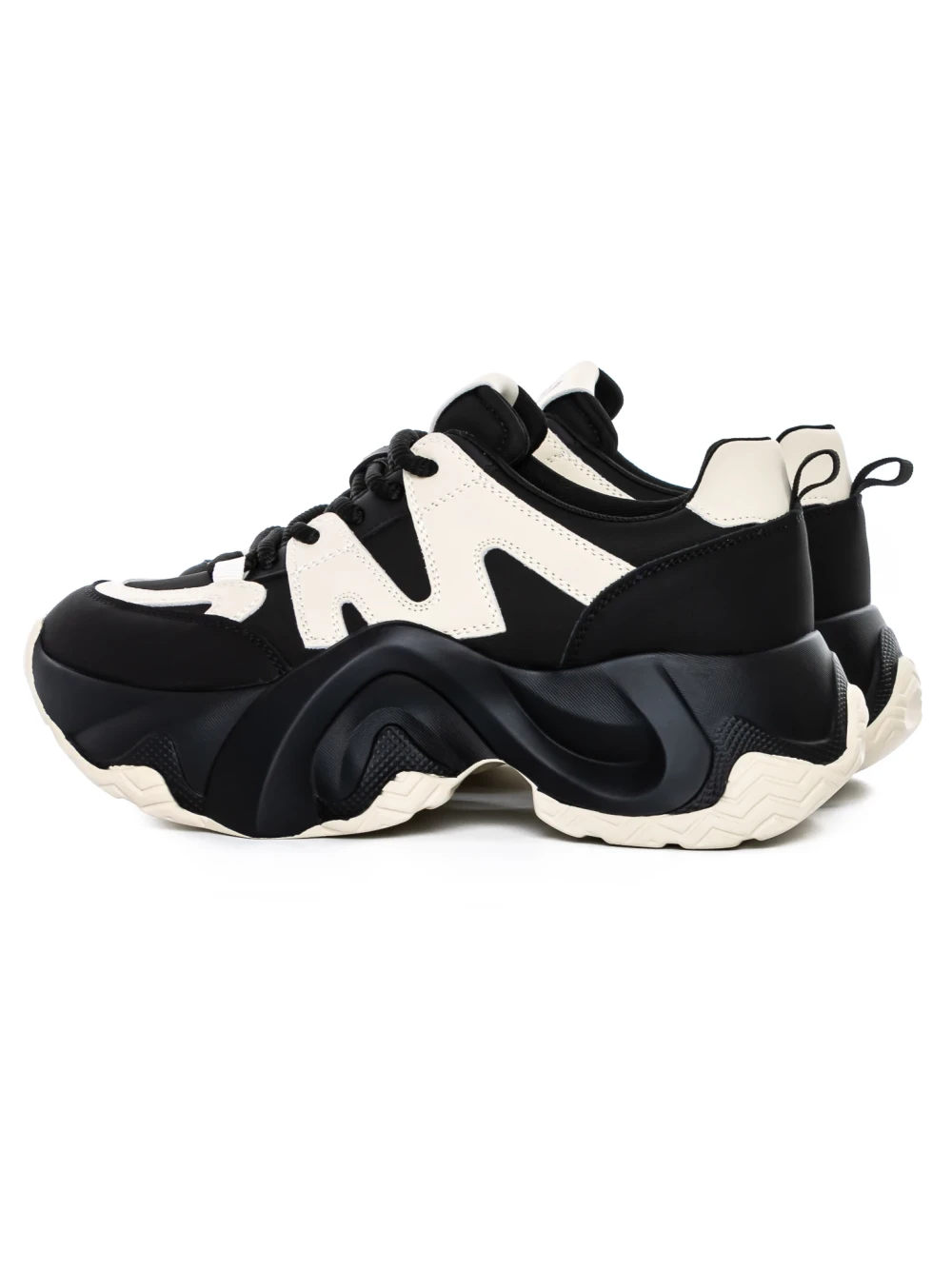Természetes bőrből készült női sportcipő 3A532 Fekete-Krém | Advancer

---

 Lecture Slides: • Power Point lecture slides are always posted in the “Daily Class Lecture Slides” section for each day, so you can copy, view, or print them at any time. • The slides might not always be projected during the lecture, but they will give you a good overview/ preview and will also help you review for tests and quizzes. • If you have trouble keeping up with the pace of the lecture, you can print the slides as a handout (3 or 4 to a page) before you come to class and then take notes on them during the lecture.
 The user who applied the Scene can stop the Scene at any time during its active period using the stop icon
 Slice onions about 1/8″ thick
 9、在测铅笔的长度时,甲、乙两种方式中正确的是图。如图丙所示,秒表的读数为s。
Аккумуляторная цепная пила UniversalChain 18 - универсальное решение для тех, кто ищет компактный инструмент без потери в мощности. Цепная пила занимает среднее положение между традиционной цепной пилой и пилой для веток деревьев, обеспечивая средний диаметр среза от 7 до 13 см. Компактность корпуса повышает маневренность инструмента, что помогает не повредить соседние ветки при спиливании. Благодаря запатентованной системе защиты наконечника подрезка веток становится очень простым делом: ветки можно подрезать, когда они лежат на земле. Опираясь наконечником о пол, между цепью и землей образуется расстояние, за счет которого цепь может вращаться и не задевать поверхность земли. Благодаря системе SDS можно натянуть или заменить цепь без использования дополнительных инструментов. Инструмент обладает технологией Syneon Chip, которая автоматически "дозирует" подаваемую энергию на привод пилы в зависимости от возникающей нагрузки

= WORK REQUEST =
Output only an exact transcription of the lines above from the one with "Lecture Slides: •" up to and including the one with "Аккумуляторная цепная пила".

= SOLUTION TO THIS TASK =
 Lecture Slides: • Power Point lecture slides are always posted in the “Daily Class Lecture Slides” section for each day, so you can copy, view, or print them at any time. • The slides might not always be projected during the lecture, but they will give you a good overview/ preview and will also help you review for tests and quizzes. • If you have trouble keeping up with the pace of the lecture, you can print the slides as a handout (3 or 4 to a page) before you come to class and then take notes on them during the lecture.
 The user who applied the Scene can stop the Scene at any time during its active period using the stop icon
 Slice onions about 1/8″ thick
 9、在测铅笔的长度时,甲、乙两种方式中正确的是图。如图丙所示,秒表的读数为s。
Аккумуляторная цепная пила UniversalChain 18 - универсальное решение для тех, кто ищет компактный инструмент без потери в мощности. Цепная пила занимает среднее положение между традиционной цепной пилой и пилой для веток деревьев, обеспечивая средний диаметр среза от 7 до 13 см. Компактность корпуса повышает маневренность инструмента, что помогает не повредить соседние ветки при спиливании. Благодаря запатентованной системе защиты наконечника подрезка веток становится очень простым делом: ветки можно подрезать, когда они лежат на земле. Опираясь наконечником о пол, между цепью и землей образуется расстояние, за счет которого цепь может вращаться и не задевать поверхность земли. Благодаря системе SDS можно натянуть или заменить цепь без использования дополнительных инструментов. Инструмент обладает технологией Syneon Chip, которая автоматически "дозирует" подаваемую энергию на привод пилы в зависимости от возникающей нагрузки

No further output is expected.